September 28th, 2017 at 7:32 AM ^

I remember growing up they had just come out with Playboy Playmate puzzles. They came in cans that you had to open with a can opener.  There was a plastic lid to use after you opened the can, but under the plastic was a foldout of what the puzzle looked like.  Well, as kids, of course we raided that section of Hudson's at Westland Mall and stole dozens of the foldouts.  At home I hollowed out the inside of a kids book and kept my stash in there.  Years later, my Mom decided to help out our local elementary school by donating some of my kid books to their library.  I still remember the night she took a call from the school principle informing her that she had donated porn to the school.  It wasn't until years later that I found out that both of them were laughing hysterically during the call.

Mocha Cub

September 27th, 2017 at 11:51 PM ^

That's too bad. I'm glad he won't go to the grave thinking that Johnny "Drama" Chase aka the Monkey Boy was the one that set those chimps loose. RIP Hef may your dick work again without a pill, in heaven.

 

Esterhaus

September 27th, 2017 at 11:51 PM ^

You ignorant slut ...

An acquaintance purchased the former Playboy Mansion/Chicago and converted it into a residence. I never did see the final tab for disinfectants but I bet you could live off that amount very well in, say, Bolivia ...

TheTurtle

September 28th, 2017 at 12:35 AM ^

If you take into account that Playboy started in 1953, that means that the original models were born in 1935 at the latest. If the girls in the original edition had children at 18, then those children had children at 18, we could theoretically see the great-granddaughter of an original Playboy model, or even the great-great-granddaughter if the progenitor of the line were about a decade older, closer to 28 than 18, in a Playboy. That's four or five generations of girls from one direct line that we could have potentially seen at this point over the years.

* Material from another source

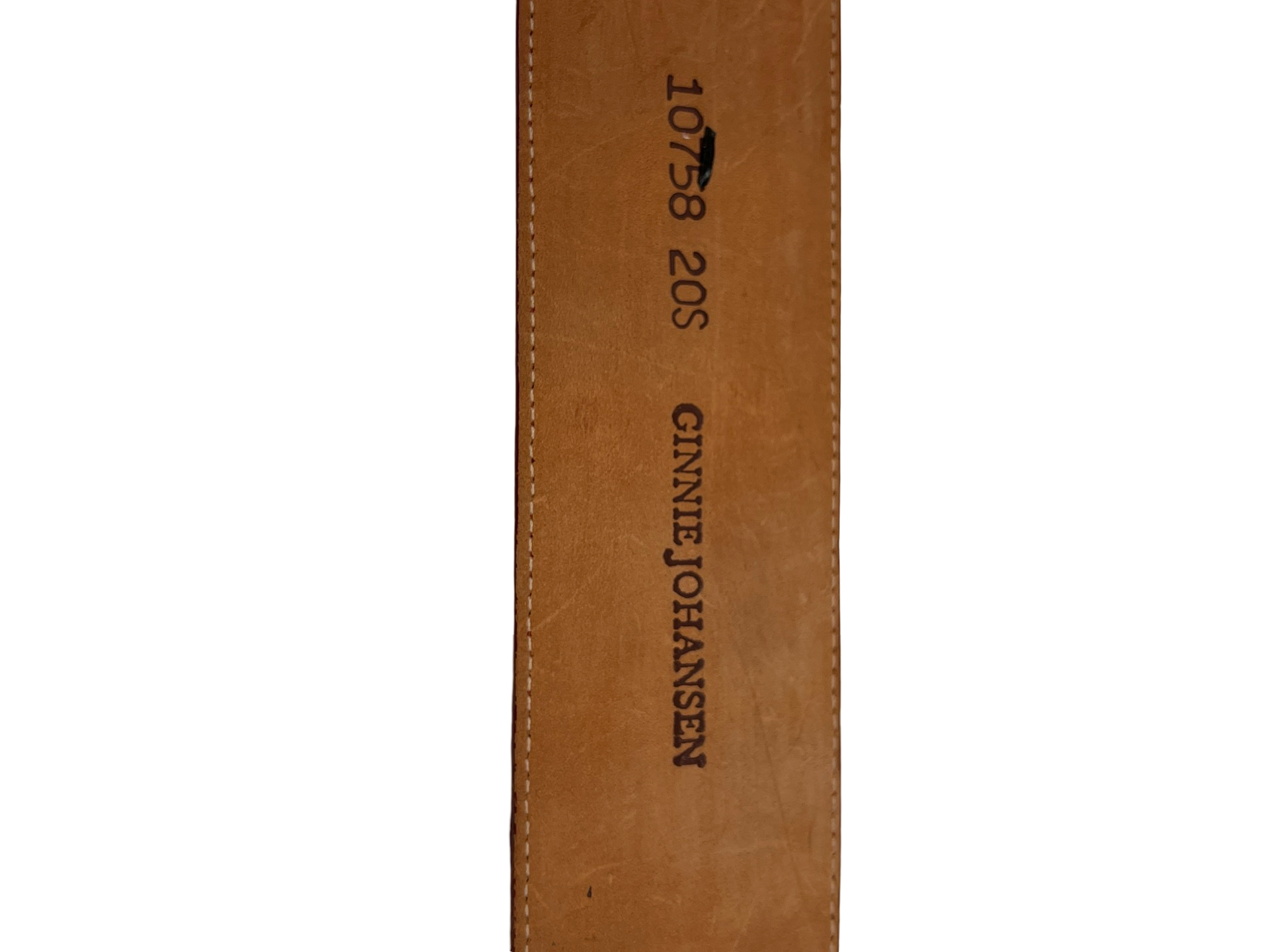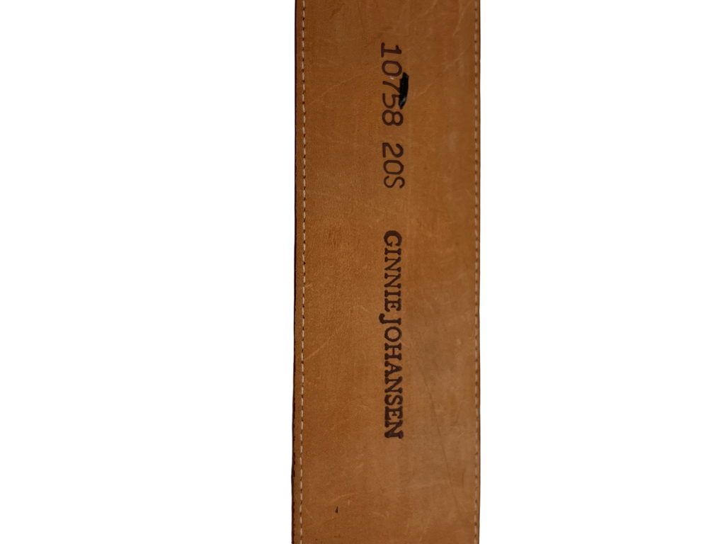Crafted in bold red leather, this Ginnie Johansen belt is finished with a sculptural gold-tone buckle that adds a touch of statement polish. The sleek design is balanced by subtle stitching and refined hardware details, creating a versatile accessory that elevates both denim and tailored looks.

That's not accounting for the 9 months, give or take, required for birthing, nor the unlikelihood of them all getting pregnant at 18, or the reverse situation that many of the Playboy models were probably knocked up at 13, or the possibility of a daughter in the line being too ugly to be a Playboy model, but I digress. You get the point.

Esterhaus

September 28th, 2017 at 1:01 AM ^

We're talking Playboy Mag and despite what men said at the time, no, it wasn't about the articles. Thankfully few paid attention to the text there, otherwise most would have serious psych problems because a "normal" man depicted in the articles had an eighteen-inch schlong. Fortunately those of us with merely 17.5-inch long weiners learned we could please a woman with even less, say, 16.4-inch stuff and that only a very few men were gifted less (sad for them).

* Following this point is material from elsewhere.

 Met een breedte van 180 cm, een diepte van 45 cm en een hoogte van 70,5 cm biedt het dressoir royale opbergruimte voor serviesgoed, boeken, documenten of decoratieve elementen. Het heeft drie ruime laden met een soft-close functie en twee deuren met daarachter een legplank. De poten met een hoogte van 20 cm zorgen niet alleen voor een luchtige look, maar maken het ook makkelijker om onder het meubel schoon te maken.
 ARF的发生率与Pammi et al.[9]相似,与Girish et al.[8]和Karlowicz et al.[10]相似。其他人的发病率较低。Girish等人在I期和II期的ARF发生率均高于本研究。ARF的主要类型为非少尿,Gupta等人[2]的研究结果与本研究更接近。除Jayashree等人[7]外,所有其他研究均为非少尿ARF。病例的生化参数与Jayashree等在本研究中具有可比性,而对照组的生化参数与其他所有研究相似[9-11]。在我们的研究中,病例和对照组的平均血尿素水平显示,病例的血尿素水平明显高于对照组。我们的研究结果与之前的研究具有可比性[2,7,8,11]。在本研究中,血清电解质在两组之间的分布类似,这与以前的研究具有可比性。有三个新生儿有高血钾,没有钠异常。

Although the cartoons were pretty funny, too. But there were no math questions!

HelloHeisman91

September 28th, 2017 at 12:10 AM ^

Thanks for providing so much knowledge, Hugh. It takes a special man to inspire so many young men to aimlessly wander through the woods in search of images that were once only imagined and dreampt about. For those too young to remember a time before the internet, when young men had to use their imagination and or flip pages of a magazine to realize their dreams, people used to have to hide their collections of magazines, like Hugh's publication, in the woods to avoid the wrath of a mother or the anger of a wife. This encouraged many a young man to hit the woods at the end of the cul-de-sac on a hormone filled mission in the ever worthwhile pursuit of knowledge.

God bless you, Hugh Hefner.

Sam1863

September 28th, 2017 at 5:47 AM ^

Mine were under the carpet in my bedroom closet, under a mountain of piled-up shoes and other crap. Good camouflage.

Hef's got his arms around Patti McGuire, PMOY who married Jimmy Connors, and Sondra Theodore, his main squeeze for a time.

I was an avid "reader." If I'd studied Shakespeare like I studied those old issues, I'd have a Ph.D in English Lit.